#### Problem statement:
An exact copy of all the data is needed, with every picture left out.

#### Given data:
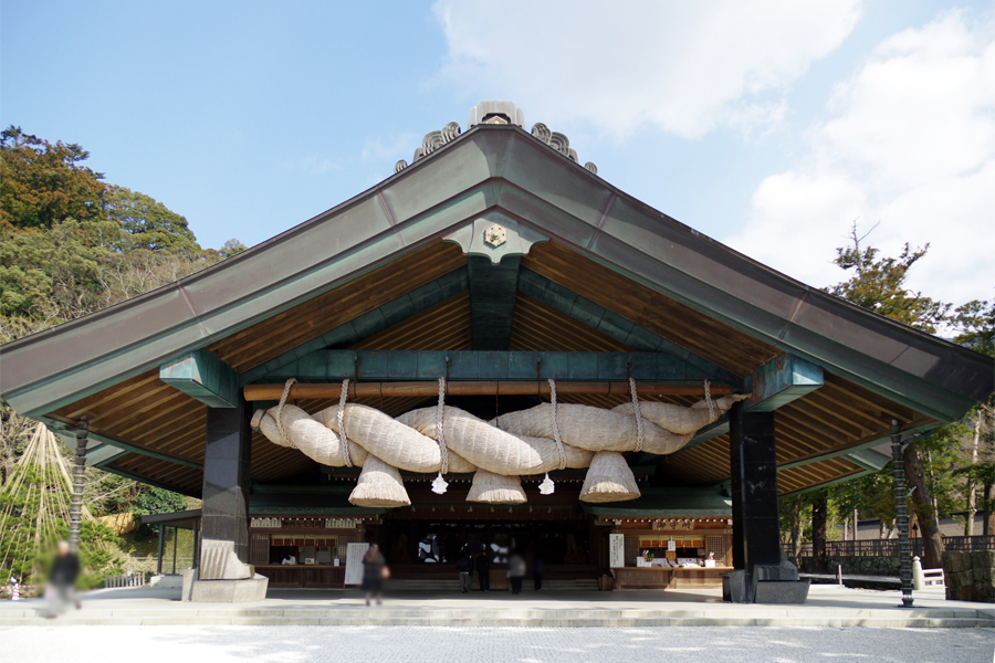 そうそう、よく言われる”大しめ縄”は、拝殿ではなくこちら神楽殿のもの。直径1.2mの大縄を2本撚り合せ、重さは何と4.4tなのだそう!
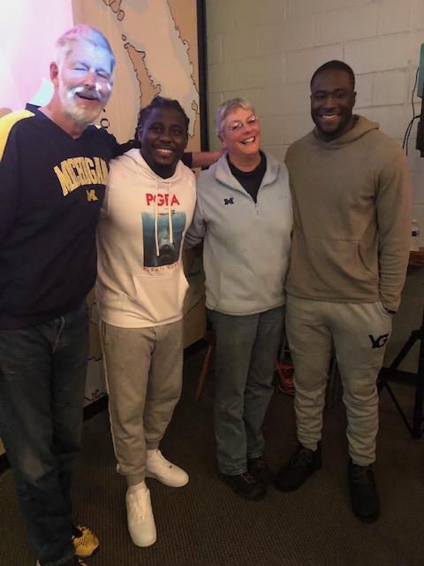 Yet I still remember sitting in the end zone of MI stadium as a freshman, back before they always filled it, sucking back Boone’s Farm, and cursing Bo for playing such boring football. Run, run, run. Oooh, boy. You remember Woody’s dictum, who of course was Bo’s mentor, “There are three things that can happen when you throw the ball, and two of them are bad”. I later got to meet Billy Taylor, who was by then Dr. Billy Taylor https://www.touchdownbillytaylor.com/, who was the guy poundin’ the pigskin forward on all those runs (1297 yards on 249 attempts for a 5.2 per carry average, 3 time All-American, finishing second to Tom Harmon in career touchdowns with 32 and in points with 194), and winning as a consequence, on that great ’71 team, undefeated in the regular season, outscoring opponents 421-83. Damn that future orthopod Don Bunce and his Stanford Indians. Our QB was future dentist Tom Slade. Field goal with 16 seconds left, 13-12. Rod Garcia kicked it. Wouldn’t have won NC anyway, as #1 Nebraska was playing #2 Alabama in the Orange Bowl that night. Huskers won. Two seasons earlier it was a Wolverine Conference guy – South Haven’s Don Morehead – QBing that ’69 team that beat Woody. I don’t know if Vicksburg ever beat him. We seldom beat SH in anything those days. Anyway, Bo eventually discovered the forward pass, and things got more interesting, especially when Harbaugh was flinging it. Of course, you can open things up too much. Look what happened with Rich Rod. He did have some fun players. See us here with his two best QBs a couple years ago at Wolverine State Brewing. Devin did a show Monday after each game, breaking down game film. He pulled no punches. Sometimes his friend Denard would join him. Yes, Kathy’s at least as tall as Denard, just not quite as fast.
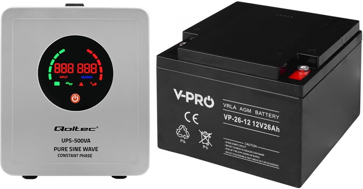 Zestaw: zasilacz awaryjny Qoltec Pure Sine Wave UPS 500VA/350W SF + akumulator Volt VPRO VRLA AGM 12V 26Ah Katowice

#### Your response:
 そうそう、よく言われる”大しめ縄”は、拝殿ではなくこちら神楽殿のもの。直径1.2mの大縄を2本撚り合せ、重さは何と4.4tなのだそう!
 Yet I still remember sitting in the end zone of MI stadium as a freshman, back before they always filled it, sucking back Boone’s Farm, and cursing Bo for playing such boring football. Run, run, run. Oooh, boy. You remember Woody’s dictum, who of course was Bo’s mentor, “There are three things that can happen when you throw the ball, and two of them are bad”. I later got to meet Billy Taylor, who was by then Dr. Billy Taylor https://www.touchdownbillytaylor.com/, who was the guy poundin’ the pigskin forward on all those runs (1297 yards on 249 attempts for a 5.2 per carry average, 3 time All-American, finishing second to Tom Harmon in career touchdowns with 32 and in points with 194), and winning as a consequence, on that great ’71 team, undefeated in the regular season, outscoring opponents 421-83. Damn that future orthopod Don Bunce and his Stanford Indians. Our QB was future dentist Tom Slade. Field goal with 16 seconds left, 13-12. Rod Garcia kicked it. Wouldn’t have won NC anyway, as #1 Nebraska was playing #2 Alabama in the Orange Bowl that night. Huskers won. Two seasons earlier it was a Wolverine Conference guy – South Haven’s Don Morehead – QBing that ’69 team that beat Woody. I don’t know if Vicksburg ever beat him. We seldom beat SH in anything those days. Anyway, Bo eventually discovered the forward pass, and things got more interesting, especially when Harbaugh was flinging it. Of course, you can open things up too much. Look what happened with Rich Rod. He did have some fun players. See us here with his two best QBs a couple years ago at Wolverine State Brewing. Devin did a show Monday after each game, breaking down game film. He pulled no punches. Sometimes his friend Denard would join him. Yes, Kathy’s at least as tall as Denard, just not quite as fast.
 Zestaw: zasilacz awaryjny Qoltec Pure Sine Wave UPS 500VA/350W SF + akumulator Volt VPRO VRLA AGM 12V 26Ah Katowice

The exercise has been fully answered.